21 On suppose que le Principal est neutre au risque et que l'Agent présente de l'aversion pour le risque 22 Ces taxes reposent sur "un système de pénalités collectives assises sur l'écart entre un niveau de

pollution globale mesuré sur un site donné et une norme de pollution maximale fixée d'avance"

Il propose alors de combiner une taxe ambiante et une taxe individuelle, assise sur les émissions annoncées par le producteur. Cependant, ce système ne fonctionne que si les agents sont adverses au risque, de telle manière qu'ils vont annoncer au moins une partie de leurs émissions en vue d'éviter le paiement de la taxe ambiante.

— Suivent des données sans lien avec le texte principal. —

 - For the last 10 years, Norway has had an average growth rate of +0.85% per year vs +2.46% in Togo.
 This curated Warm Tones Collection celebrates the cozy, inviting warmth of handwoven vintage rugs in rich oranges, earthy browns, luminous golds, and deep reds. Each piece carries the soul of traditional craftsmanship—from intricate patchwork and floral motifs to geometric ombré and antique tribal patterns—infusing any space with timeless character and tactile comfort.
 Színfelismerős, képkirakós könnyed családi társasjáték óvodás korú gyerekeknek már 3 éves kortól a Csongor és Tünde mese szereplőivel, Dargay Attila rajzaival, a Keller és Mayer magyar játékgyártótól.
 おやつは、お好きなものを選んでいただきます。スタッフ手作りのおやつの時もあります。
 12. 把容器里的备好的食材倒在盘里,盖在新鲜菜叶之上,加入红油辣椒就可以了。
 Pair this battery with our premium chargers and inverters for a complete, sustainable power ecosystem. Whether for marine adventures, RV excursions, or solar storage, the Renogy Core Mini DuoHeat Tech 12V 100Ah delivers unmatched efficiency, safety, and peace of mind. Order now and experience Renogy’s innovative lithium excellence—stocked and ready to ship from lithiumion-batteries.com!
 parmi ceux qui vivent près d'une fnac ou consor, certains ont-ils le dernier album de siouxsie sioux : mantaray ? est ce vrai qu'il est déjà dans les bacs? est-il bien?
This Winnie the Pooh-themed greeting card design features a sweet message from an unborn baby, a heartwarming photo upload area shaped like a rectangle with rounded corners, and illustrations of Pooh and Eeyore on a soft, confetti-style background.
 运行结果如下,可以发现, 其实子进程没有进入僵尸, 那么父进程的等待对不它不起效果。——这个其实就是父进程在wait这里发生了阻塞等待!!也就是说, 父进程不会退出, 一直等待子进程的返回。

1.2.3.2. Les cas d'autosélection

Dans les cas d'autosélection (ou de sélection adverse), on parle d'information

cachée. Cette information représente un paramètre exogène dont l'Agent

dispose avant tout accord, ou qu'il prévoit de connaître au cours de sa relation contractuelle. Le Principal cherche alors à faire révéler à l'Agent son véritable type, en lui proposant différentes options (un "menu de contrats"). Si le "menu" est correct, le choix optimal de l'Agent fournit directement l'information sur son type.

Les modèles d'autosélection se basent sur la théorie des mécanismes de révélation. Cette théorie s'appuie sur l'idée qu'il existe des agents caractérisés par un certain nombre de paramètres connus par eux seuls, et un "centre" qui souhaite allouer à ces agents des ressources de la manière la plus optimale possible. Le principe de révélation repose sur l'idée que si une allocation optimale en ressource "peut être mise en œuvre par un mécanisme

quelconque, on peut aussi la mettre en œuvre par un mécanisme direct révélateur, où l'agent révèle son information" (Salanié B., 1994 : 12).

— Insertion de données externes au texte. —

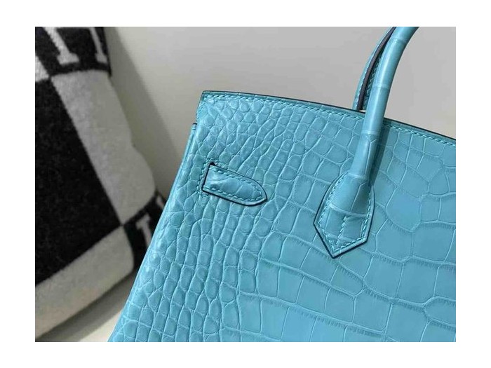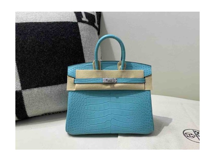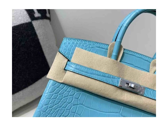 • Hermès Birkin 25 Alligator Matte Blue Celeste x Palladium Hardware
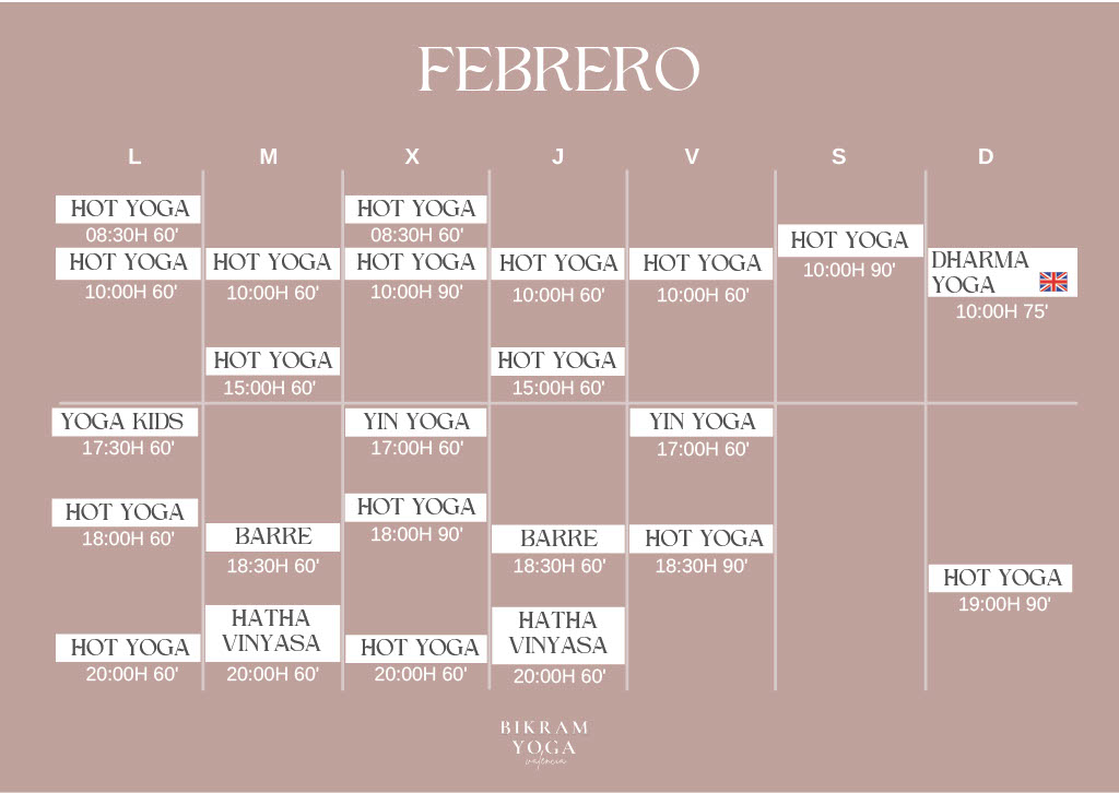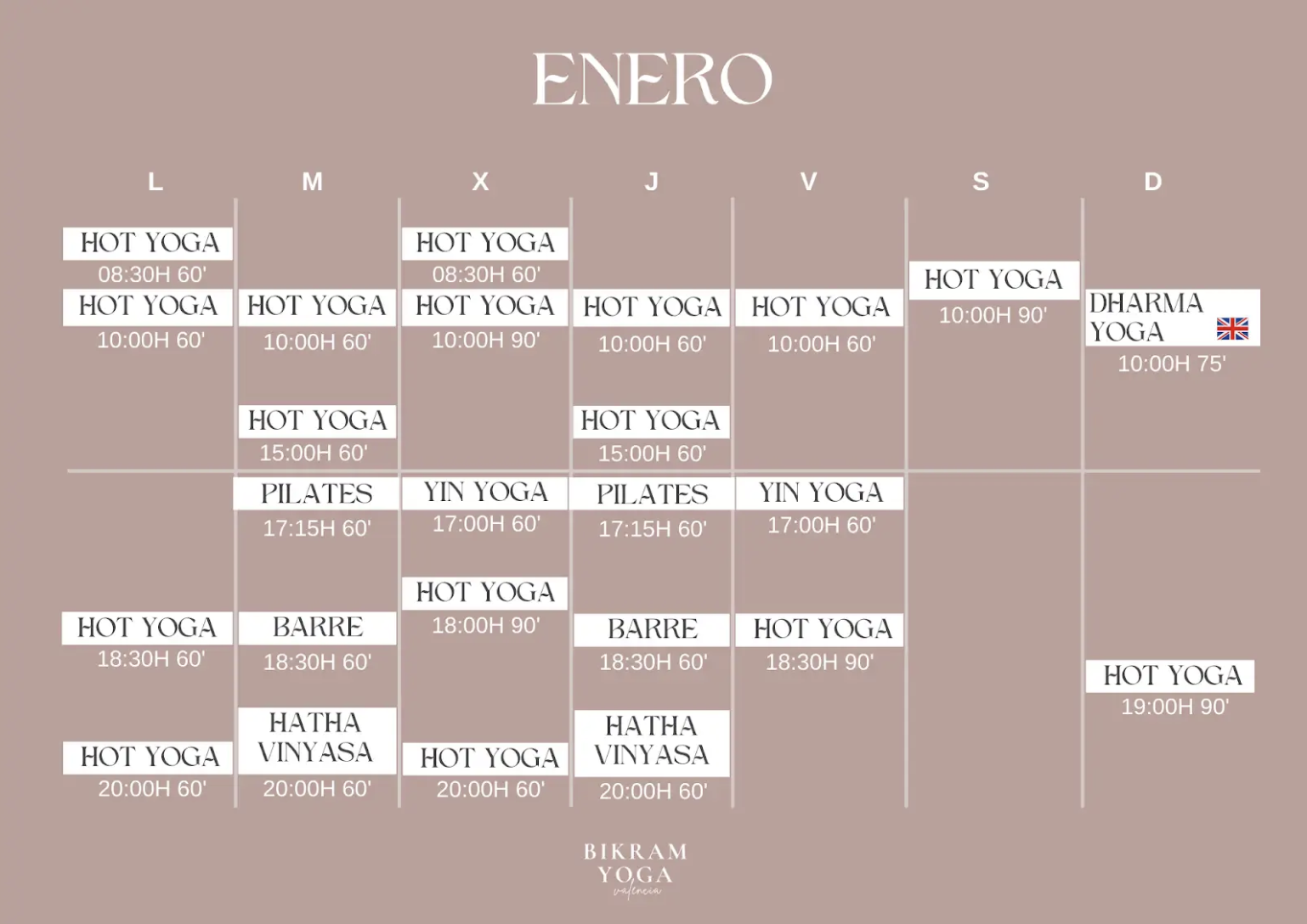 Practica yoga cuando quieras: abrimos de lunes a domingo, con clases de Bikram (Hot Yoga), Vinyasa, Hatha, Yin Yoga y más.

Appliqué à un problème de pollution, l'optimum peut être rétabli par des essais successifs de différents taux de taxes (ou subventions) à mettre en place, en supposant que le Principal soit à même de connaître les quantités de pollutions émises initialement, et que cette observation ait un coût négligeable. Dans ce cadre, l'objectif du Principal est de minimiser le coût social des dommages. L'Agent lui cherche à minimiser son coût de dépollution, pour limiter le montant de la taxe. Théoriquement, la proposition de différents menus à l'Agent doit conduire à l'optimum de Pareto, en aboutissant à un taux de taxe égal aux coûts marginaux de dépollution des agents.

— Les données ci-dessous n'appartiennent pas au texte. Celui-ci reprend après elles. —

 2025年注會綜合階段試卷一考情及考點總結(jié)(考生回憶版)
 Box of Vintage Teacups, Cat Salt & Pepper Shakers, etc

Cependant, ce système d'essais-erreurs est difficile à réaliser dans la pratique car "les politiques d'investissement des entreprises sont discrètes, s'étalent

sur plusieurs périodes et donnent lieu à d'importants coûts fixes" (Assouline

M., Lemiale L., 1998 : 61).

En outre, ce mécanisme peut s'avérer inefficace s'il ne respecte pas la contrainte de participation, le coût d'acceptation du contrat du Principal par l'Agent pouvant être particulièrement élevé. En d'autres termes, la révélation de l'information cachée par l'Agent dépend du fait qu'il ne subisse pas de coûts supplémentaires (directs ou en bénéfices perdus). Par exemple, "si les

entreprises anticipent l'instauration d'une taxe dont le taux de taxe serait fonction du coût marginal annoncé, elles vont avoir tendance à sous-estimer leur coût de dépollution. Si au contraire, elles anticipent l'instauration d'une politique de quantité (norme ou permis), elles seront incitées à surestimer leur coût de dépollution pour obtenir un nombre de permis plus élevé" (Kwerel,

1977).

Dans le secteur agricole, comme dans les autres secteurs d'activités, les problèmes d'autosélection sont importants. Les asymétries d'information portent sur les technologies de production et le respect des réglementations établies. Généralement, le législateur ne peut directement connaître, ni les émissions polluantes individuelles, ni les coûts marginaux de dépollution. Sur le court terme, les coûts de contrôle (ou d'acquisition de l'information) étant extrêmement élevés, la mise en place de politiques correctives est dans la réalité subordonnée à des essais successifs dont l'objectif est de limiter globalement les pollutions, sans chercher à atteindre l'optimum. En d'autres termes, dans le cas des pollutions d'origine agricole, le coût excessif d'acquisition de l'information pousse le législateur à adopter des politiques sous optimales.